AIM OF THE EXERCISE:
Print, word for word, every line from the beginning of the listing up to and including the line with "Kebersamaan Satgas TMMD". Pictures are to be excluded.
--- START ---
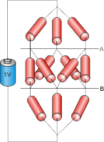 This problem can of course be solved using the standard network theorems, but there is a simpler method. Note in the diagram below that due to the symmetry of the arrangement, all the nodes at A have the same potential (as do the nodes at B).
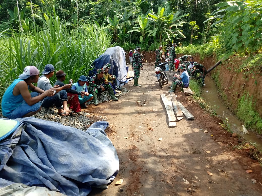Kebersamaan Satgas TMMD Bersama Warga Saat Istirahat Sejenak
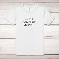 God Of Tits And Wine Adult T-ShirtA novelty unisex adult t-shirt with 'I'm The God Of Tits And Wine' printed across the front of a 100% cotton* t-shirt. This novelty t-shirt is great as a gift for any occasion.All of our unisex adult t-shirts are designed and hand-printed in the UK and are manufactured from 100% ringspun cotton for a premium quality feel and feature double-stitched waist hem and sleeves, seamless double-needle collar, taped neck and shoulders, and a tubular body that has been quarter turned to avoid a centre crease; available in sizes from Extra Small to 4XL*. *Black & White tees available in sizes XS - 4XL, all other colours available XS - 2XL Size GuideUnisex adult t-shirts are measured across the chest, in inchesXS 30/32'S 34/36'M 38/40'L 42/44'XL 46/48'2XL 50/52'3XL 54/56'4XL 58/60'See more on our clothing size guide (opens in new tab)Please NoteAll of our items are hand-printed to order, as a result, colours may vary between prints - images are for illustration purposes only.Show more products with the I'm The God Of Tits And Wine design
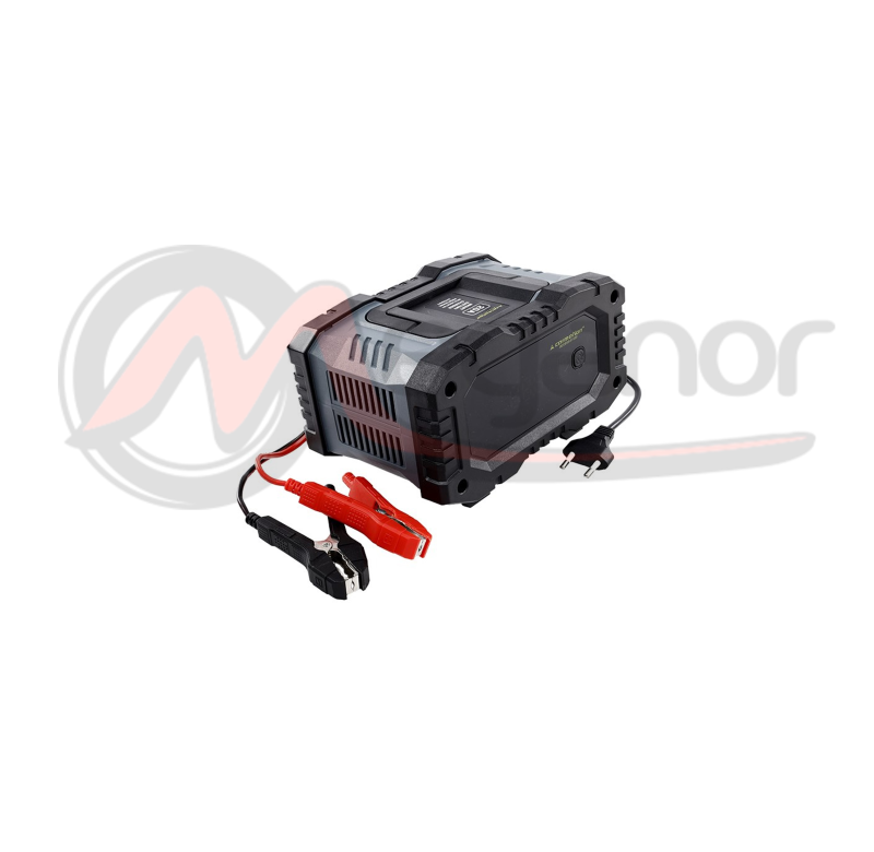 Para baterias de gel, LiFePO4, chumbo-ácido, EFB, AGM, SLA/ Painel de controle com display LCD retroiluminado/ Fiação com grampos de crocodilo totalmente isolados/Proteção contra superaquecimento, sobrecarga, curto-circuito e polaridade reversa/Indica o status da carga, parâmetros de carga e conexão incorreta à bateria / Controlado por microprocessador - processo de carregamento multifásico e totalmente automático /7 estágios de carregamento /Modo de carga lenta automática
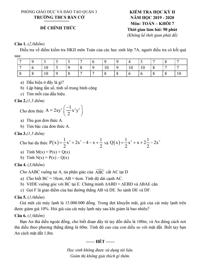 Đề kiểm tra học kỳ 2 môn Toán lớp 7 năm học 2019 – 2020 trường THCS Bàn Cờ, TP HCM
--- END ---
RESPONSE TO THE EXERCISE:
 This problem can of course be solved using the standard network theorems, but there is a simpler method. Note in the diagram below that due to the symmetry of the arrangement, all the nodes at A have the same potential (as do the nodes at B).
Kebersamaan Satgas TMMD Bersama Warga Saat Istirahat Sejenak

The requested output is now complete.